I understand this very well, but that's not my question. This is in fact irrelevant to the subject here. I'm not asking you about the rights minorities should get. I'm asking you about the cis-heterosexual men and women.
I'm not asking about theoretical or abstract things. I'm asking a simple question.
If your answer is that it is too complex, then you now know what the problem is. And that's exactly the problem I'm referring to.
If you can't understand that, then the problem doesn't come from the people who don't understand your complex theories.
Until you realize that you are not asking simple questions, you will never understand why simple answers don't work. The answer will always be complex, so it comes down to people being able to explain complex concepts in an entertaining and understandable manner, where we come back to the point I was making the whole time.
At least you almost understood me at the end. It's something.

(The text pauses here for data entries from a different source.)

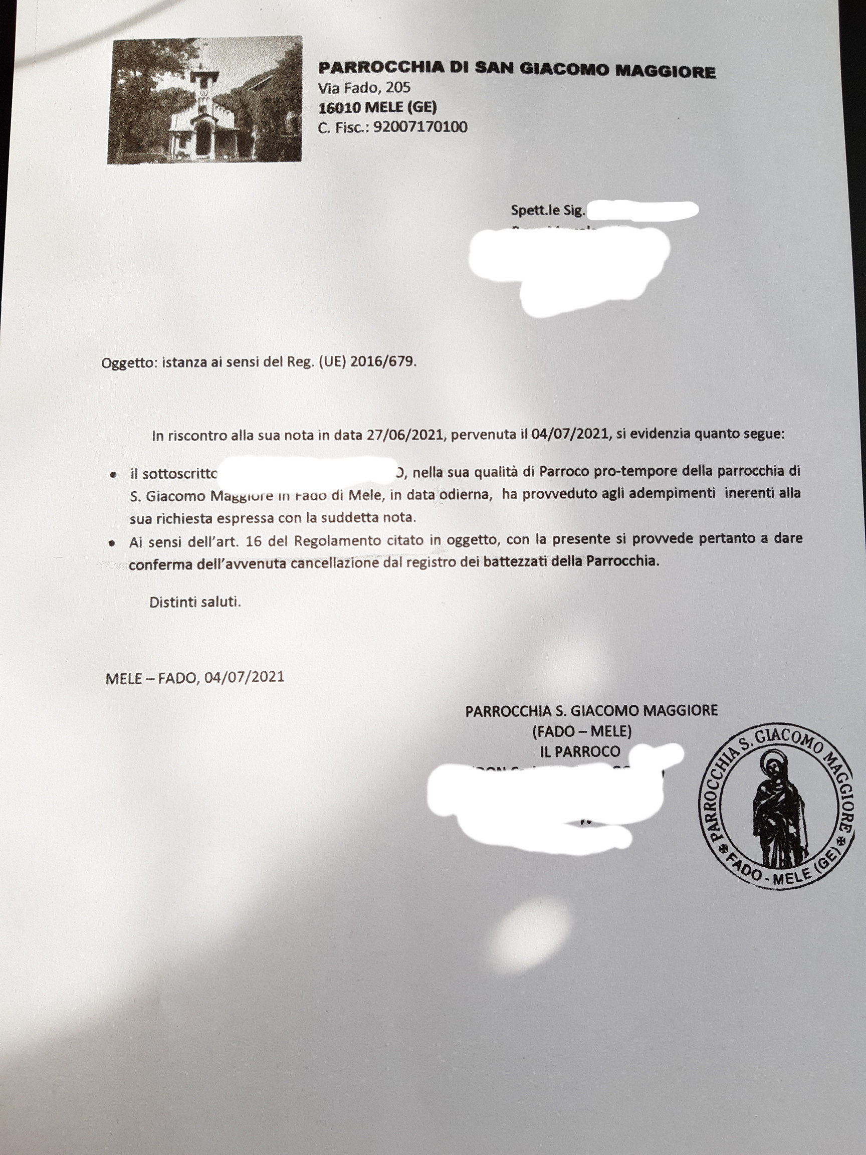 Una persona ha chiesto la rettifica dei dati relativi al proprio battesimo avvenuto a S. Giacomo Maggiore - MELE (GE) il 04/07/2021, dichiarando di non voler più far parte della Chiesa Cattolica.
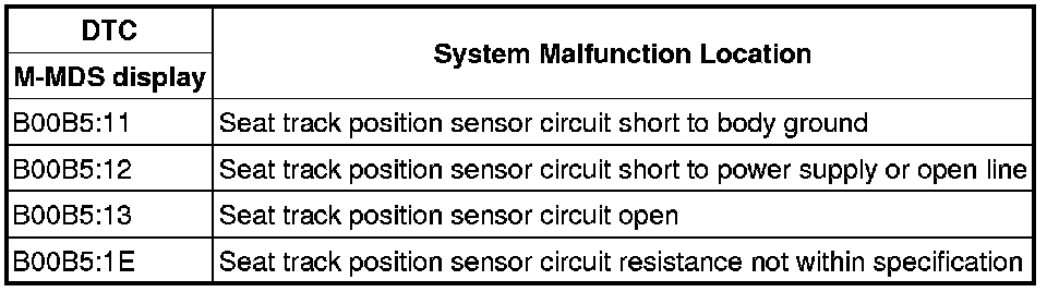 - Malfunction in seat track position sensor circuit.
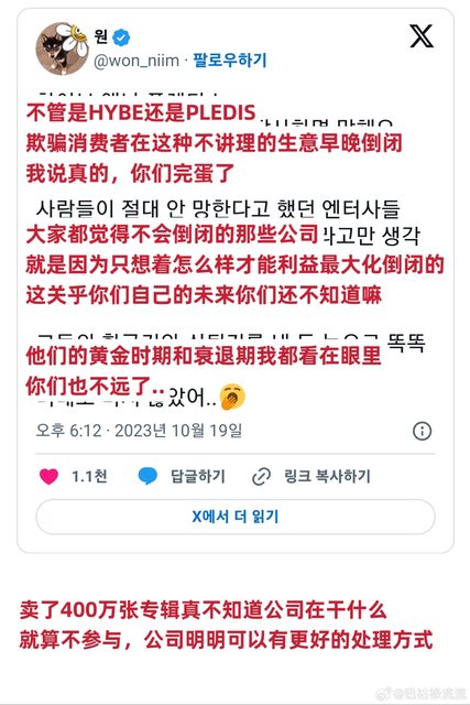 YdNic1412: 抱歉離題。HYBE這樣處理真的很差勁123.110.148.169 10/21 12:07
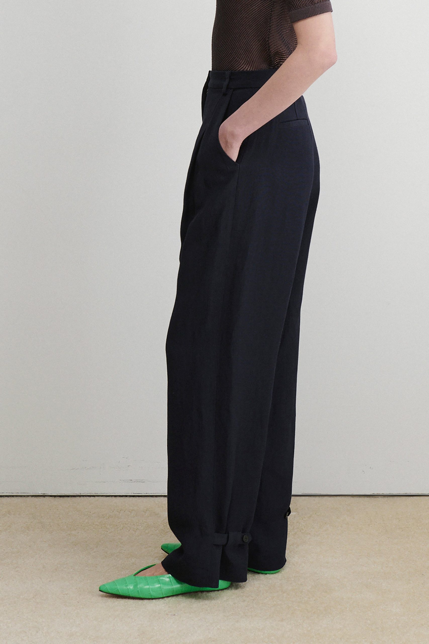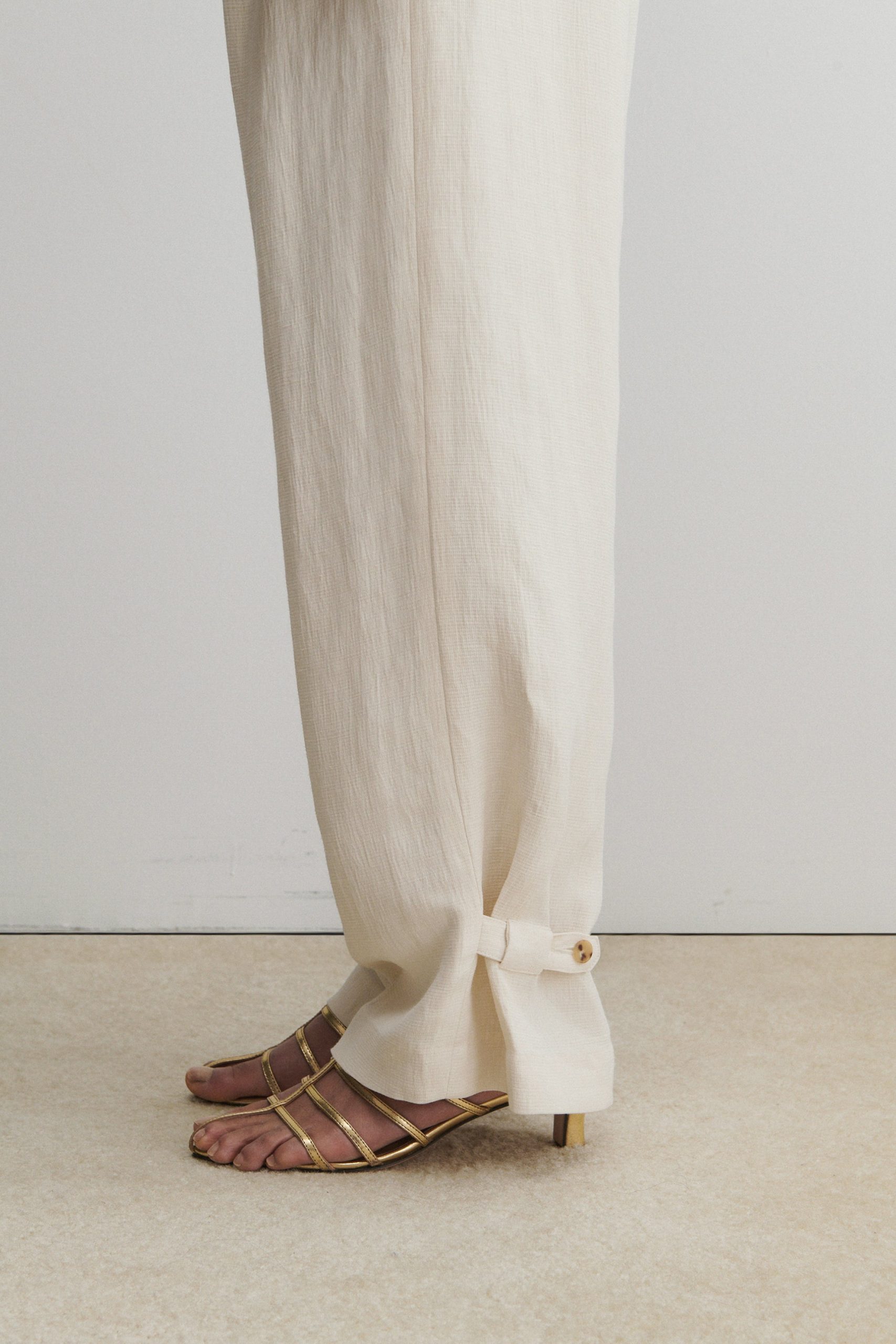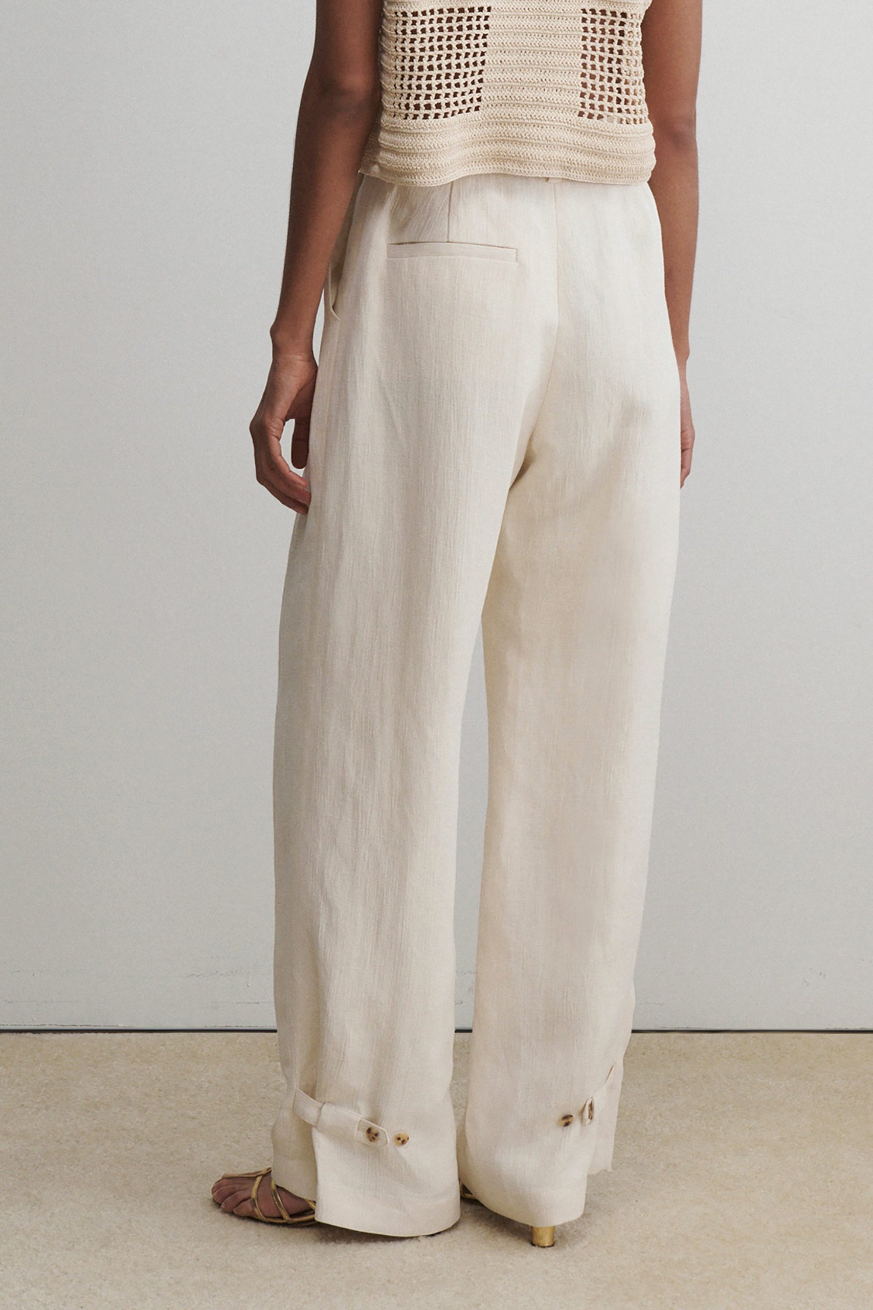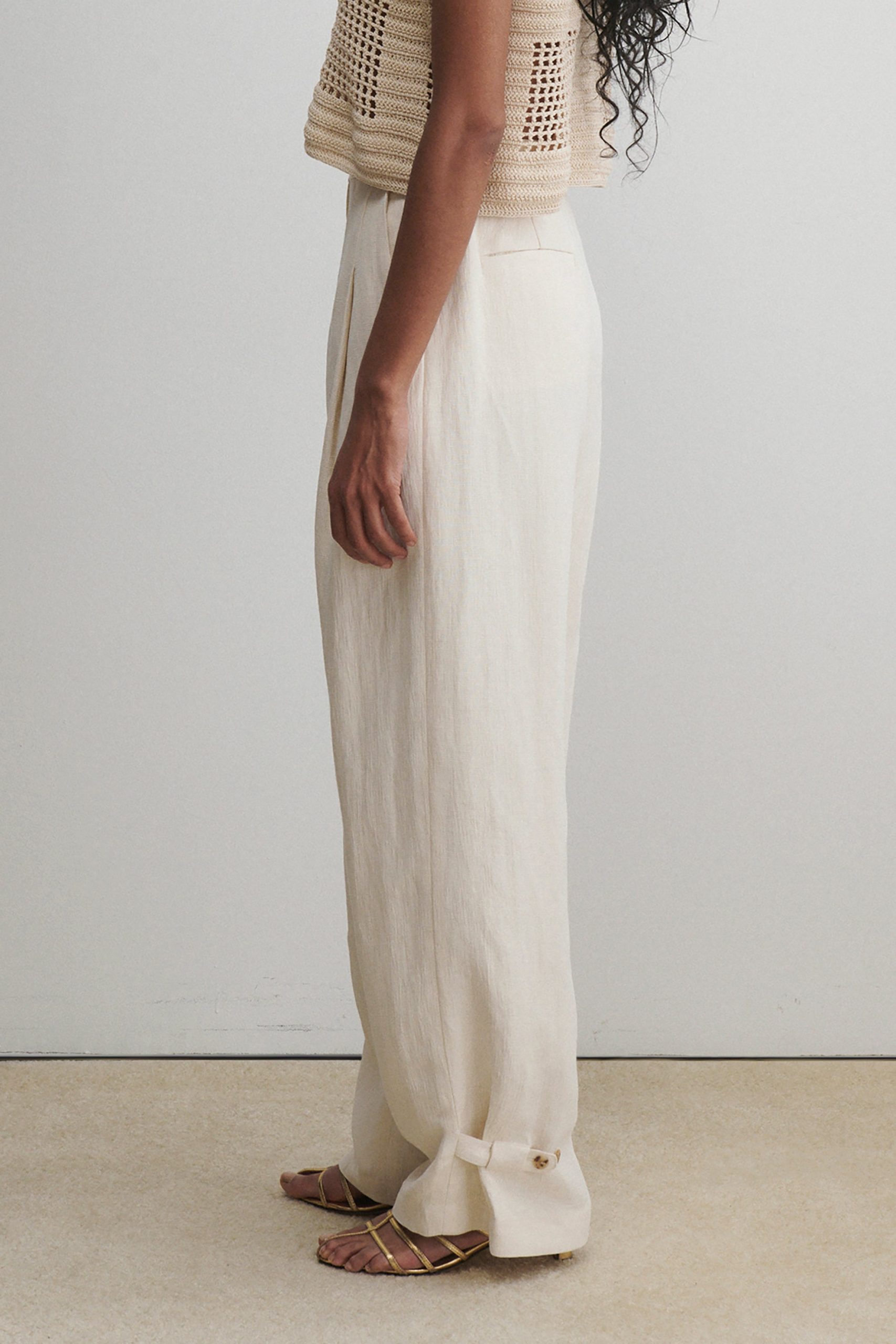 Pleat-front high-waisted pants with a wide leg, in our textured viscose Cresposo linen. Button tie tabs at the back of the ankle create a subtle taper at the ankle, accentuating the voluminous silhouette. Wear with the matching Labriola Top for a monochrome look.

Thank you for proving my point: I ask a simple question, and you hide behind arrogance and disdain, abandoning me with no answer. This is precisely what I was saying.
Sure, everyone is free to chose to be ignorant. Nothing I can do about it. But it's sure funny that after days talking with me - that is your take away.
You know what's funny? I can say exactly the same about you. I think you forgot what the conversation was even about.
If you feel like it sure. But than again I spend quite some time trying to explain my point and you spend that time not engaging with what I say. You think you are asking a simple question and that progressives have nothing to offer as a solution. But when people try to explain to you that it's not that simple and progressives have indeed solutions to offer, but those are complex - you just ignore everything.
But than what are you doing here if you think progressives have nothing to offer for men? Seems like you are wasting your time here.
You are twisting my words. I understand what you're saying. But you refuse to understand what I am saying. Just because I don't say "yes you are right and I am wrong" doesn't mean I don't understand you. You're repeating yourself since the beginning.
But the best: you repeat ad nauseam how the solutions exist but are complex, yet you refuse to even try to give the beginning of one to the question I ask. With all the messages spent repeating how complex it is, you could at least have the beginning of something tangible.
I didn't say you don't understand, I said you don't engage. Thanks for illustrating.